Even if there’s virtually no chance the U.S. government would ever embrace an execution method favored by Nazis, Dunham said the very idea that it’s theoretically possible should horrify Biden administration officials and spur them to act with an even greater sense of urgency.
“This creates another opportunity for the Biden administration to take action,” he said. “Doing nothing puts the U.S. on the books as authorizing these cyanide executions in some instances.”
A federal prosecutor, arguing in litigation over the government’s execution protocols last month, insisted to a judge that the Justice Department would allow some death row inmates to choose their method of execution if they were sentenced in a state where the law would allow that.
Abe Bonowitz, director of the anti-capital punishment group Death Penalty Action, said he and other activists have spoken with administration officials and received some behind-the-scenes assurances that Biden will eventually support legislation to abolish the federal death penalty.
“We know this is not the biggest fish they have to fry right now. But we are hearing they will get to it,” said Bonowitz, who has been critical of Biden’s silence.
The president could take the path of least resistance, politically speaking, by telling his Justice Department not to schedule federal executions during his term. But that would fall far short of fulfilling his campaign promise, and it would leave the door open for future presidents to restart executions.
He could also use his executive powers to commute all federal death sentences to life in prison, but there’s no sign of that happening. Granting full clemency to everyone on death row could be politically problematic for Biden and other Democrats, who have a slim majority in both the House and the Senate. Among those whose lives would be spared by such a Biden order would be Dylann Roof, who killed nine Black church members during a Bible study session in South Carolina and was the first person sentenced to death for a federal hate crime.

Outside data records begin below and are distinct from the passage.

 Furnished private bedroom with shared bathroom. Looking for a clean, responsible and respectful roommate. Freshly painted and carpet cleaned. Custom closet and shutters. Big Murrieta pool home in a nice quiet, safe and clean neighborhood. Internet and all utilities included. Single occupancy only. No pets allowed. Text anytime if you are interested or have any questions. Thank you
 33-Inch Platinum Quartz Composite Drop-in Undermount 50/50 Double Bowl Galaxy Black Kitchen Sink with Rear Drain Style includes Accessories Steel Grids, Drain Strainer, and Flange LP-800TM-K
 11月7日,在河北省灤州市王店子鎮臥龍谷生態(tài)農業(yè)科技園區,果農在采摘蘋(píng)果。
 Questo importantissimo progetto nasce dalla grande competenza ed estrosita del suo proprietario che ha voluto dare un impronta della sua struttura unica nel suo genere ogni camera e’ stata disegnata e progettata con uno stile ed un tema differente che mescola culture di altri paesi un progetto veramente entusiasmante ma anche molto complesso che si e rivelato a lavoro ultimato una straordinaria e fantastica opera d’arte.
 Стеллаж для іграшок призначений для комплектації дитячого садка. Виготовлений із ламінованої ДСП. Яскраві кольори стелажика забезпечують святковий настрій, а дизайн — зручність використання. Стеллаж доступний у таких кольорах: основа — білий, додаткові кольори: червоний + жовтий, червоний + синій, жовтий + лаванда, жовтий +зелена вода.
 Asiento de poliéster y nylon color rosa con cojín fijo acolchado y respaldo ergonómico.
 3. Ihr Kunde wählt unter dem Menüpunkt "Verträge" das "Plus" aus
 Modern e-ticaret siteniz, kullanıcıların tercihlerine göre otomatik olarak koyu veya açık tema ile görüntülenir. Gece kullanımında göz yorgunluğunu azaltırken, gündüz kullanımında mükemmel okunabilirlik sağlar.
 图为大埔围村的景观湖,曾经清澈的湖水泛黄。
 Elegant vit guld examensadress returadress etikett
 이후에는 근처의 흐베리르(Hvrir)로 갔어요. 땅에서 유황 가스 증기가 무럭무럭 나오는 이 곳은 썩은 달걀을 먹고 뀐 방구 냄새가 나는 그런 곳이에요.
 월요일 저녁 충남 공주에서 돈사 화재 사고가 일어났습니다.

After Biden’s inauguration, the question of whether the president would act fast to end capital punishment was a popular topic on federal death row in Terre Haute, where discussions were often conducted through interconnected air vents. It’s not discussed much these days, death row inmate Rejon Taylor told The Associated Press recently through a prison email system.
“I won’t say that skepticism has settled in, but I will say that most no longer feel that immediate action will happen,” said Taylor, who was sentenced in 2008 for killing an Atlanta restaurant owner.
But most inmates, he said, don’t believe they’ll be executed while Biden is president.
Associated Press writer Alanna Durkin Richer in Boston contributed to this report.